I haven’t actually met the urologist yet, but I am sitting here waiting for Annalise to have two tests. First, she’ll have a VCUG, which, as explained by the nurse (over the phone), will test for any reflux from the bladder. Apparently this is a common problem associated with kidney abnormalities. So I’ve heard a lot about the VCUG on mommy boards on the internet. I’ll later find out the results are extremely important when it comes to urinary tract infections, which can turn into bladder infections, which then can become kidney infections (each with increasing risks). Reflux is measured on a scale of severity, but any reflux is a problem with which to be dealt. This makes me nervous.

After the VCUG, we’ll have an ultrasound; this time it will not be a prenatal one. The technician will probe Annalise’s tummy and compare her kidneys. They are looking for any more dilation, and a better understanding of her anatomy, which seems to be abnormal.

After these tests, a normal patient would go upstairs (and through the woods, and around the pond) to the middle of nowhere the Urology clinic and go over the results. But since we’re local (and more flexible), we get to come back another day and meet with the urologist. Joy. I just love the whole hospital experience – let’s drag this out do this again!

Still with me? Because right now, I’m still sitting in the waiting room, with the buzzer that the receptionist gave me after checking in. Am I waiting for a table at Outback, or to place my baby on a cold table? It’s easy to forget where you are with the windowless room and the fluorescent lights... Anywho, Annalise is by far the youngest here. But probably noone in the room suspects that she is the one who is the patient. We hadn’t  people-watched waited long, before we are called back.

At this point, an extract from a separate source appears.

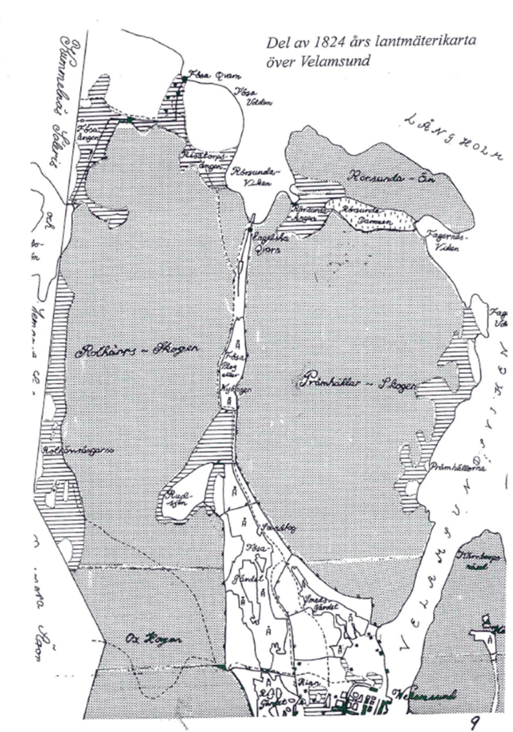 Utöver dessa egendomar fanns bara Lilla Björknäs som hospitalet ägde. Alla som bor i Riset har i sin fastighetsbeteckning Velamsund, men vet kanske inte att vårt villaområde är avstyckat från detta säteri. Men långt innan Emil Egnell köpte Velamsund 1880 och började avstyckningarna fanns det folk som bodde och arbetade i Riset. Riset nämns första gången 1697 då Frans Andersson begravs och 1787 är Riset ett skattetorp. Det fanns två kvarnar i vårt område och båda kallades Fösa kvarn. Det är Lars Bengdtsson som bygger en kvarn vid Båtvägen i Riset mellan år 1625 och 1627. Tillståndet fick han hur som helst 1625 eller tre år före att Regalskeppet Vasa förliser på strömmen den 10 september 1628.

I wheel the stroller back to a room with equipment that towers over the room. I try to swallow my fears, and follow the nurse/technician’s instructions: take off Annalise’s clothes; put this HUGE gown on her little body; remove her diaper. She’s not too upset – until they take her and try to insert a catheter. It’s the smallest catheter I’d ever seen – and I think it was still too big for her little private parts. She’s in pain, and because she resists, it takes them even longer (and probably makes the pain worse). I am in agony; there is nothing I can do. I try to give her a pacifier (she’d barely even seen one before this day) that was drenched in sugar water (also something new to her). She surprisingly takes to it, but she still sobs between her desperate sucks. I hate standing here, doing nothing, as they strap her down to the table. And I now become associated with her experience of pain, instead of the comforting Mama. The nurses reassure me that the worst is over. Annalise had worn herself out, and she drifts into sleep. They insert some dye into her bladder through the catheter, and they watch it as the machine scans and moves around her. It was pretty incredible to see technology at work. Apparently reflux usually is seen when she pees, so when she did her business, we were done. I would later discuss the results with the urologist, but they say that they didn’t see any signs of reflux.

What a relief. Now unstrap my baby and get me out of here! VCUG – check.

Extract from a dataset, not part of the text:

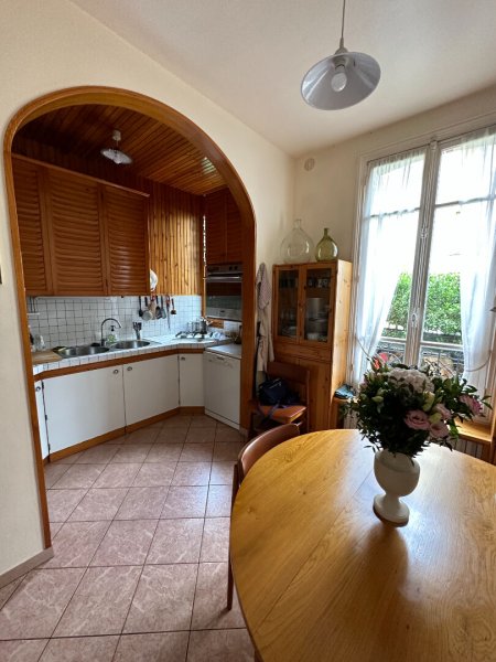 ** IMMO CONCEPT ** Exclusivité -À quelques minutes du centre-ville, cette maison meulière a été entretenue au fil des années par un artisan, dans un esprit de constance et d'attention portée aux matériaux. Elle développe 116m², auxquels s'ajoutent un sous-sol, un atelier-garage et une cour pavée, offrant un ensemble évolutif selon les usages. L'accès se fait par une terrasse couverte, qui marque l'entrée et prolonge l'espace vers l'extérieur. Au rez-de-chaussée, l'entrée dessert une cuisine avec espace repas, puis un séjour lumineux, agrémenté d'une cheminée en marbre. L'escalier en bois d'origine relie les différents niveaux. Le premier étage accueille deux chambres ainsi qu'une salle de bains. Le deuxième étage mansardé propose une troisième chambre, un bureau et une salle d'eau, dans une atmosphère simple sous les toits. La maison nécessite un rafraîchissement et une mise au goût du jour, permettant d'envisager une modernisation respectueuse de son caractère. Le sous-sol comprend plusieurs espaces : salle de jeux, buanderie, atelier et cave à vin, adaptables à différents projets. À l'extérieur, l'atelier-garage et la cour pavée peuvent être conservés dans leur configuration actuelle, ou repensés afin de créer un espace complémentaire, éventuellement plus ouvert et végétalisé, selon les besoins et les envies. Un emplacement pour un véhicule complète l'ensemble.

Then I am led to the ultrasound room. It’s nice and dark in there. Calming. Compared to the VCUG, this seems like a walk in the park. Annalise is grumpy from being woken up too soon (who wouldn’t be after getting something shoved up your pee-hole?), but the technician gets the images of the kidneys and bladder. The back door opens (There’s a back door?) and a radiologist introduces himself. Apparently, this is a rare occurrence, but he actually came in to take a second look and get more images. He takes the wand, and after scanning around, confirms the earlier prognosis of a duplicated renal system. He tries to look as deep as possible, but he can’t find where the extra ureter goes. Apparently, a duplicate ureter usually does not drain properly into the bladder (which is what causes the kidney to become dilated) and many times is ectopic. The upper portion of the right kidney still shows dilation, and I’d further talk about the next step with the urologist.

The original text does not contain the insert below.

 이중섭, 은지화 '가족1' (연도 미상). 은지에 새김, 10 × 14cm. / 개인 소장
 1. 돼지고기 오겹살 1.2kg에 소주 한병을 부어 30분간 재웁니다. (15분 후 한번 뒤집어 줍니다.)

Bummer. More dilation. Probably more tests.

My husband joins us as we come back a few weeks later to the Urology Clinic. After they taped a too-large bag to my daughter collected a urine sample, we meet our urologist. He surprises me – warm, friendly, empathetic, a good listener. Are you sure you are a specialist? He then basically confirms everything that we’d heard from the technicians and doctors before. But he does give us direction – more tests. We’d come back in a few weeks for a kidney scan (which tests the function of the kidneys) and another ultrasound. Then he mentions the dreaded word: surgery. I can’t believe he just threw it out there – the word just hangs in the air. Put on the brakes…we just met you! He probably sees the look in my eyes, because he immediately jumps to reassure us. If Annalise had surgery, it would be a ways down the road, and it’s a non-invasive, laparoscopic surgery, with very short recovery time. Oh, and then he mentions that Annalise should be on a daily antibiotic. Why? The VCUG showed no signs of reflux? Just preventative, precautionary…ha! that’s what we have heard all along! So we pick up the prescription on the way home, and Annalise begins her love affair with medicine that very night.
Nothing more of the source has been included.